Brain arterial border zone infarct

The presentation of arterial border zone infarcts varies in premature neonates and in fullterm neonates.

Brain arterial border zone infarct in premature neonates
Arterial border zone infarcts in premature neonates usually involves the end zones of irrigation of the long penetrating arteries of the anterior, medial, and posterior cerebral arteries. The border zone of irrigation of the long penetrating arteries is in the periventricular region (Figure 246.1).

Figure 246.1.— Schematic representation of arterial (A) and venous (B) brain systems; and of the common sites of arterial border zone infarcts (gray areas). 1: internal carotid artery; 2: anterior cerebral artery; 3: middle cerebral artery; 4: Heubner's artery; 5: striate branches of the middle cerebral artery; and 6: long perforating arteries of the anterior cerebral artery; arteries not labled are the long penetrating arteries of the middle cerebral artery.

The most common sites of involvement are the periventricular region adjacent to: (1) the lateral aspect of the trigone of the lateral ventricles, (2) the foramina of Monro, (3) the frontal horns of the lateral ventricles, and (4) the occipital horns of the lateral ventricles. Involvement of the centrum semiovale may occur in severe cases. Large arterial border zone infarcts in premature neonates often become hemorrhagic.
Arterial border zone infarcts in premature neonates selective involvement of oligodendrocytes. The selective involvement of oligodendrocytes in the periventricular region in premature neonates is due to the vulnerability of immature oligodendroglia to free radicals (mature oligodendroglia [Figure 246.2] are capable of neutralizing free radicals), and to being present in large numbers in the border zone of the irrigation field of the long penetrating arteries where the infarcts usually take place.
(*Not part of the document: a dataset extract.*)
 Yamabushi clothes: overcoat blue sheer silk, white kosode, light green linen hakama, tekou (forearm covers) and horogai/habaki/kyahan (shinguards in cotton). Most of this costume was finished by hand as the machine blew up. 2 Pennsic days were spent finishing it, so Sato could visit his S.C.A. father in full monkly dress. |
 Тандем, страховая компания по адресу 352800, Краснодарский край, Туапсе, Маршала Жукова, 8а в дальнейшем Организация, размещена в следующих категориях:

Figure 246.2.— Schematic representation of the major steps in free radical metabolism. Beneficial management of free radicals in the presence of sufficient enzyme activity. Superoxide dysmutase (SOD) converts superoxide anions (02) in the presence of hydrogen (H+) to hydrogen peroxide (H202). Hydrogen peroxide in the presence of cytoplasmic glutathione peroxidase (GLUT. PERO.) and peroxomal catalase (CATALASE) becomes water and oxygen.
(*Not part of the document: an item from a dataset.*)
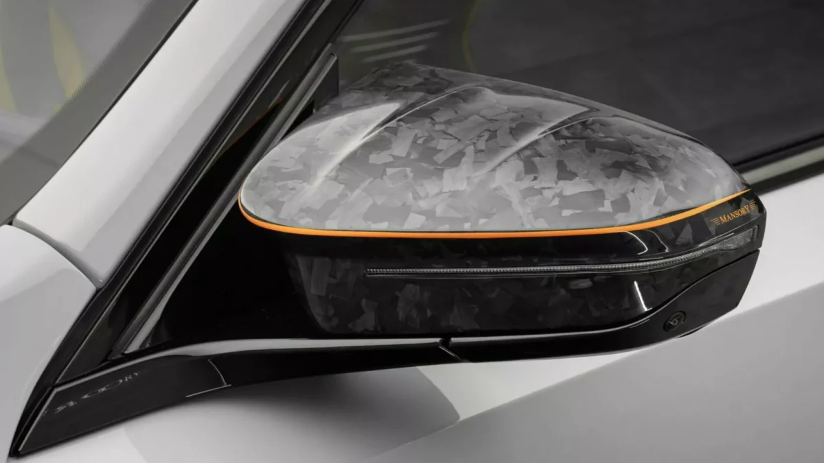 نمای جانبی خودرو نیز از تغییرات بی‌نصیب نمانده است. منصوری با نصب هواکش‌های فیبرکربنی جانبی، رکاب‌هایی تیز و مدرن، و قاب‌هایی از جنس فیبرکربن بر روی آینه‌ها، روحی تازه به این سدان قدرتمند دمیده است. برای افرادی که عاشق جلوه‌های منحصر به فرد هستند، نشان‌های شاخص منصوری روی گلگیرهای جلو جلب توجه می‌کند؛ این نشان‌ها تا اندازه‌ای تداعی‌گر سبک طراحی فراری هستند و منشأ الهام آن‌ها را به خوبی نشان می‌دهند.

Oligodenroglia damage is related to the production of free radicals during ischemic-reperfusion injury, the immaturity of the enzyme system involved in the detoxifications of free radicals, and the excess of iron store in immature oligodendroglia cells (Figure 246.3).
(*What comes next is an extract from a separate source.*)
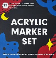Акрилните маркери са подходящи за рисуване, илюстрации, калиграфия и различни творчески проекти. Всеки маркер разполага с два върха - фин 4.5 mm за прецизни линии и четков 3.2 mm за по-широки щрихи и плавни преливки. Акрилното мастило осигурява наситени цветове, равномерно покритие и отлично прилепване към различни повърхности като хартия, картон, дърво, плат, стъкло и пластмаса. Маркерите са лесни за използване и позволяват комбиниране на техники за създаване на ефектни и детайлни произведения. Подходящи са както за професионални художници, така и за любители, които обичат да експериментират с цвят и форма. ...

Figure 246.3.— Schematic representation of abnormal free radical metabolism. BAD: poor management of free radicals occurs because of decreased superoxide dysmutase (SOD) activity. Decreased superoxide dysmutase activity leads to an increase in superoxide anion (02-). WORSE: very poor management of free radicals occurs because of decreased glutathione peroxidase (GLUT. PERO.) and catalase activities (CATALASE), and increased iron content in the cytoplasm. Hydrogen peroxide in the presence of iron (Fe++) produces hydroxyl radicals by the Fenton reaction (FR).